Algorithm practice - Movies in Flights

Description

You are on a flight and wanna watch two movies during this flight.

You are given int[] movie_duration which includes all the movie durations.

You are also given the duration of the flight which is d in minutes.

Now, you need to pick two movies and the total duration of the two movies is less than or equal to (d - 30min).

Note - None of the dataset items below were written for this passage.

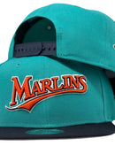 Presenting an exclusive Florida Marlins new era hat. 9 fifty new era snapback cap. it features all teal color cap with navy blue visor. front logo in orange with navy and white outline. 10th anniversary side patch on left mid panel. tonal new era flag on right mid panel. Adjustable bar tack in the back. gray under visor. white sweat band. 100 percent polyester. imported from China.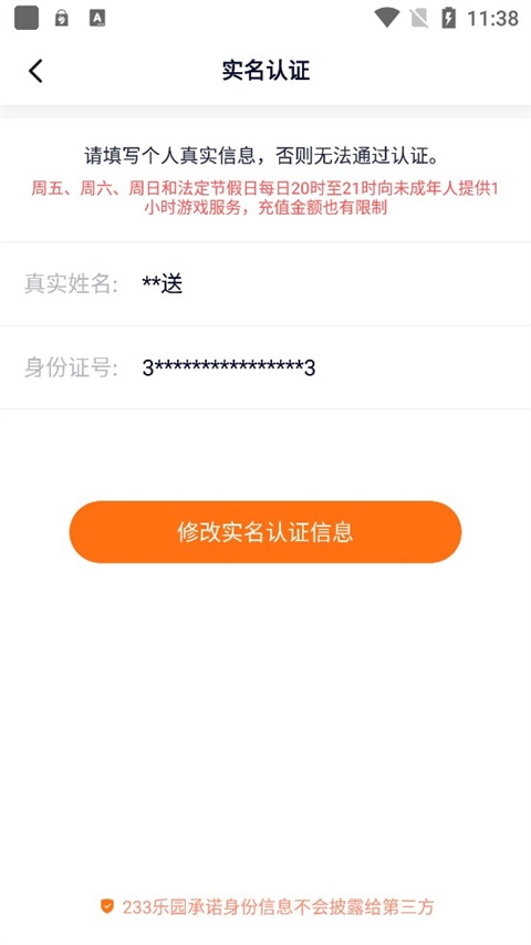 点击“修改”后,当前的实名认证信息将被清除,且实名认证信息每日仅有十次清除机会。
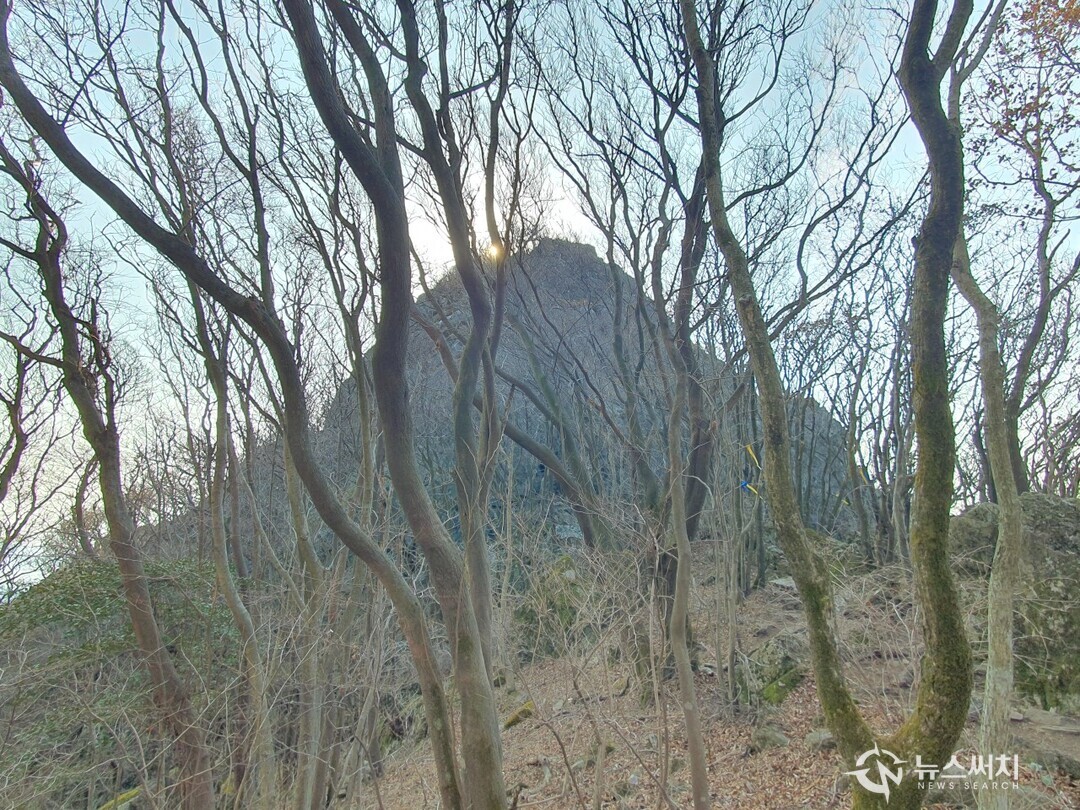 남쪽에서 바라본 가라산 정상. 가라산 남쪽에는 급경사의 절벽 등이 자리잡고 있다. 가라산에서 남쪽방향으로 내려온 뒤 가라산 정상을 바라보면 생각보다 우뚝 솟은 높은 봉우리가 조망된다.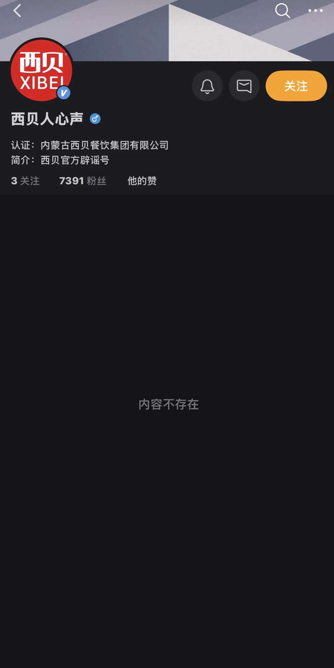 此前贾国龙发声的微博账号@西贝人心声 也已被禁言。

Find the pair of movies with the longest total duration. If multiple found, return the pair with the longest movie.

e.g.
Input
movie_duration: [90, 85, 75, 60, 120, 150, 125]
d: 250
[90, 125]
90min + 125min = 215 is the maximum number within 220 (250min - 30min)

Solution

def solution(movies, duration):
    if duration <= 30:
        return []
    objective = duration - 30
    # If same one is occur, longest first, then let's find longest first
    answer_movies = []
    # List ascending order
    movies.sort(reverse=True)
    for i in range(0, len(movies) - 2):
        cur_answer_list = [movies[i]]
        for j in range(i + 1, len(movies) - 1):
            if cur_answer_list[0] + movies[j] <= objective:  # Got ya!
                cur_answer_list.append(movies[j])
                break
        if sum(answer_movies) < sum(cur_answer_list):
            answer_movies = cur_answer_list.copy()
    return answer_movies


if __name__ == "__main__":
    movie_duration = [90, 85, 75, 60, 120, 150, 125]
    d = 250
    print(solution(movie_duration, d))

Short Description

  • Approach
    • At first, I think I need to sort the given list to select largetst movie duration (since the condition is longest movie is required if same answer exists, that is why the if condition sum(answelsr_movies) < sum(cur_answer_list) does not contain euqal sign)
    • From the largest one, pick and traverse the list to find less than objective, which is duration - 30.
    • When the loop found solution, we need to keep at moment to find whether there is another solution more closer to duration.
    • If all loop are traversed, the final list is solution.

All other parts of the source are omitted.